Title: Bayesian RNA secondary structure prediction and sampling
Speaker: Mirela Andronescu
Abstracts [1] A Bayesian statistical algorithm for RNA secondary structure prediction
Ye Ding and Charles E. Lawrence
Computers & Chemistry Volume 23, Issues 3-4 , 15 June 1999, Pages 387-400

A Bayesian approach for predicting RNA secondary structure that addresses the following three open issues is described: (1) the need for a representation of the full ensemble of probable structures; (2) the need to specify a fixed set of energy parameters; (3) the desire to make statistical inferences on all variables in the problem. It has recently been shown that Bayesian inference can be employed to relax or eliminate the need to specify the parameters of bioinformatics recursive algorithms and to give a statistical representation of the full ensemble of probable solutions with the incorporation of uncertainty in parameter values.
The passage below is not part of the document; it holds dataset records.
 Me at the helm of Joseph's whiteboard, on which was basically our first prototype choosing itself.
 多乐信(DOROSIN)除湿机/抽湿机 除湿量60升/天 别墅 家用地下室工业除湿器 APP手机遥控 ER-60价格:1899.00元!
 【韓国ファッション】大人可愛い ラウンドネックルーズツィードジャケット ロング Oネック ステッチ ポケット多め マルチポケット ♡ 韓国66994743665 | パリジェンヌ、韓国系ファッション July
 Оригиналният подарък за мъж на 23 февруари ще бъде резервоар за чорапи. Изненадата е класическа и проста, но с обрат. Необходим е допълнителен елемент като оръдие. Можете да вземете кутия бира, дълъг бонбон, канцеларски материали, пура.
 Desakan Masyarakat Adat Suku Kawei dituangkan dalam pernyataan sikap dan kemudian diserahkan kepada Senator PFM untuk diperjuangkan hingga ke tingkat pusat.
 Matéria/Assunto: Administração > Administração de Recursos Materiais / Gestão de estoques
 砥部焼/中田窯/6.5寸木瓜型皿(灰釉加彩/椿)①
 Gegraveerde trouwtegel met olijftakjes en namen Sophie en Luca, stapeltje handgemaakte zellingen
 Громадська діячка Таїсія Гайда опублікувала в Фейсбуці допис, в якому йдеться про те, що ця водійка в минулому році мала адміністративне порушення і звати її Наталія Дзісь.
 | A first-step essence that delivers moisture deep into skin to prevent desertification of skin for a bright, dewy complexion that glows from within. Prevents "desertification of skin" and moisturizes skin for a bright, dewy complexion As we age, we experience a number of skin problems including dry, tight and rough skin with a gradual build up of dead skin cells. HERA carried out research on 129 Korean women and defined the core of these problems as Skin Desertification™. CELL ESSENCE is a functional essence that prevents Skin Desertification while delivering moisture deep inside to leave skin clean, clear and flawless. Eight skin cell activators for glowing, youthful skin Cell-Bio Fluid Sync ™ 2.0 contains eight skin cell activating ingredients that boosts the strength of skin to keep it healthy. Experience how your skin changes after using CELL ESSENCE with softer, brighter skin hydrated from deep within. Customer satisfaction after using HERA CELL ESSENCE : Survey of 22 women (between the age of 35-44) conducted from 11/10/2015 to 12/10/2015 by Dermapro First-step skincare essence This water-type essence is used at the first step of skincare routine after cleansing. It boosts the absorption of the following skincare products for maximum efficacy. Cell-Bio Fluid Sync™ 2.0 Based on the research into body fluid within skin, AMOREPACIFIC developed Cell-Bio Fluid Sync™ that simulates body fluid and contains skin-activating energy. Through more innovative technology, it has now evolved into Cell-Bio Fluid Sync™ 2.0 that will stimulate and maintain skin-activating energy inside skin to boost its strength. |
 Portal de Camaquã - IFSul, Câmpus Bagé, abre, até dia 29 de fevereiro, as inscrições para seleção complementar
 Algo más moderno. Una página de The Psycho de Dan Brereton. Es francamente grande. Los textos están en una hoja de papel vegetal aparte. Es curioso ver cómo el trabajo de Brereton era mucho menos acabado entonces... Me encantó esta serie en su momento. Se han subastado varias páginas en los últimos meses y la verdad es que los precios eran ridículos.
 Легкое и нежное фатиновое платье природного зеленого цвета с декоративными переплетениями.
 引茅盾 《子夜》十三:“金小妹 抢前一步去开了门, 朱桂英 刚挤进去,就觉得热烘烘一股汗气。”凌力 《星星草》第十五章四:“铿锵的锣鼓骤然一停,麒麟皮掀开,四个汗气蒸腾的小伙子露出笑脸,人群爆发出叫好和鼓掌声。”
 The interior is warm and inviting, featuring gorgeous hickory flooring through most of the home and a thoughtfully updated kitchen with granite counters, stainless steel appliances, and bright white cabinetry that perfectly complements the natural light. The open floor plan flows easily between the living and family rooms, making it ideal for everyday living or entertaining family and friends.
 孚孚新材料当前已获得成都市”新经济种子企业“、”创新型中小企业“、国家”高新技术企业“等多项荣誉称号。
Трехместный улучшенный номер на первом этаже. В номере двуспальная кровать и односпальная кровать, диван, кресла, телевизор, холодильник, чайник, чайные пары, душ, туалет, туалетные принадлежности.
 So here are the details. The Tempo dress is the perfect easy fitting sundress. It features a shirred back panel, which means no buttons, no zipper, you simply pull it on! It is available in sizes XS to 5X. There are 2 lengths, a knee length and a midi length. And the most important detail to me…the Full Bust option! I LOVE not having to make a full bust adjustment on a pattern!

In this paper, we make an initial exploration of these potential advantages of the Bayesian approach. We present a Bayesian algorithm that is based on stacking energy rules but relaxes the need to specify the parameters. The algorithm returns the exact posterior distribution of the number of destabilizing loops, stacking energy matrices, and secondary structures. The algorithm generates statistically representative structures from the full ensemble of probable secondary structures in exact proportion to the posterior probabilities. Once the forward recursions for the algorithm are completed, the backward recursive sampling executes in O(n) time, providing a very efficient approach for generating representative structures. We demonstrate the utility of the Bayesian approach with several tRNA sequences. The potential of the approach for predicting RNA secondary structures and presenting alternative structures is illustrated with applications to the Escherichia coli tRNAAla sequence and the Xenopus laevis oocyte 5S rRNA sequence.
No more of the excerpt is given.